I’ve flagged a few of these where Silver failed to follow his own advice in the book. I don’t think this is because Silver isn’t good with statistics. He’s made millions of dollars over the years proving otherwise. If Silver is making mistakes despite being particularly good, what does that say about the rest of us?

The project Silver is advocating for is a lifetime achievement. If Silver is still working on it after writing a book about statistics, you’re not likely to get there from a casual once-over of this book.

Okay, so yes or no to reading the book?

I’ve seen atheists make fun of religious believers for ceremonies, rituals, and preaching in which the believer repeats a process over and over with very little ‘new material’. What’s all that performance getting you? How many times are you going to reread the psalms before diminishing returns set in? But the point of preaching is different from that of teaching. It’s not to imbue some new bit of knowledge, so much as to remind the audience of principles they already committed to live by. The ritual brings a renewed sense of the importance of strictly adhering to those principles.

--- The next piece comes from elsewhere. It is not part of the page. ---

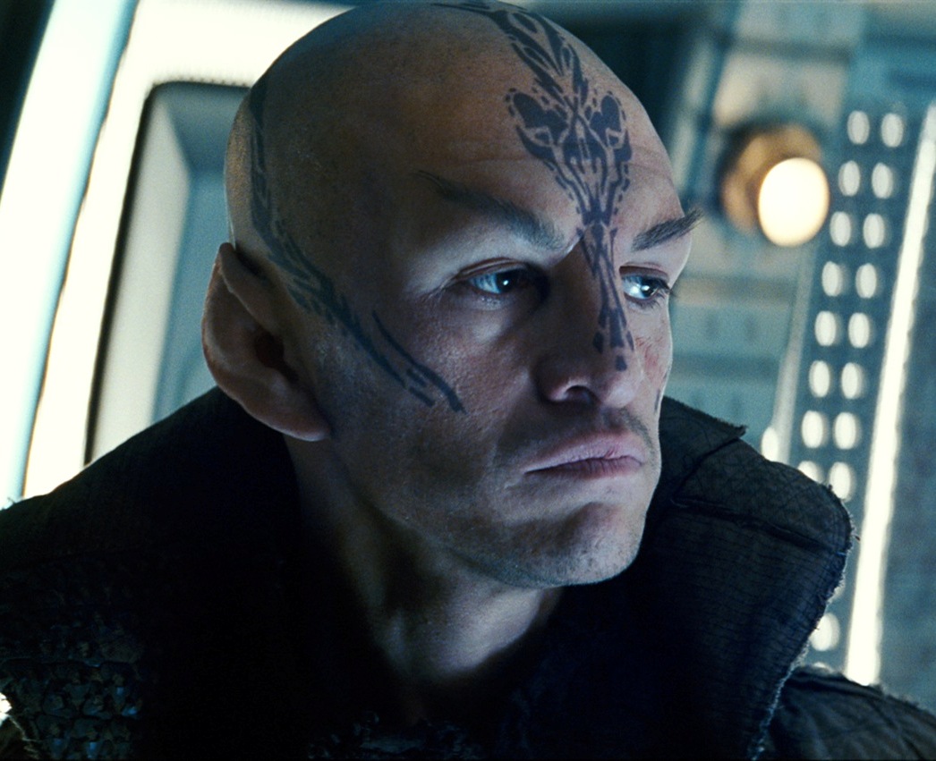 Romulan prosthetics for the film Star Trek were at first arranged to be the purview of Proteus FX Makeup Effects Supervisor Barney Burman. "I did some early designs for the Romulans in my shop, but when my workload became too heavy, I hired Joel Harlow to come in and handle them. We all decided it would be best if Joel took over the task of creating the Romulans on set close to [Director] J.J. [Abrams] so he could see and direct their progress each day. We set up a makeup trailer for the Romulans, and Joel hired a crew of people to work on that and just did a fantastic job." (Star Trek Magazine issue 155, p. 57) This makeup crew, called Joel Harlow Designs, sculpted and designed Romulan ear and forehead prosthetics. A total of forty main Romulan characters were created to appear in the movie, a process that started with lifecasts for each actor. (Star Trek - The Art of the Film, p. 37) Harlow himself remembered, "J.J. did not want to see any hair lace in the wig applications, so we made the entire forehead and eyebrows as one piece, with hair punched into the silicone before application. I wanted to give the Romulans an animal look, so we widened their nose bridge and did some interesting stuff with their brows – but nothing so extreme that you couldn't believe they were real." (Cinefex, No. 118, pp. 46 & 47) After the individual prosthetic pieces were crafted and prepared for filming, Harlow's team also applied the prosthetics. The Romulan makeup designs from the same film incorporated tattoos that were made to look tribal. (Star Trek - The Art of the Film, p. 37)

I think this innovation can and should be stolen from religious traditions and applied to mastering disciplines like statistical nuance and scientific rigor. It’s not enough to read about various forms of selection bias once. Mastery comes from reviewing them over and over, testing them out, and returning to the material again. When Silver talks about getting “less and less and less wrong” he does so in the context of simple Bayesian updates, but I think when it comes to statistics the real lesson isn’t a simple algorithm so much as a devotion to steady improvement over time.

Devotion to steady improvement is the real subtext of Silver’s book, and the lesson that comes through on every page, and in every statistical nuance he outlines. That’s a lesson worth learning … and then returning to again and again to consistently get it right. So go ahead and read The Signal and the Noise. Then read it again.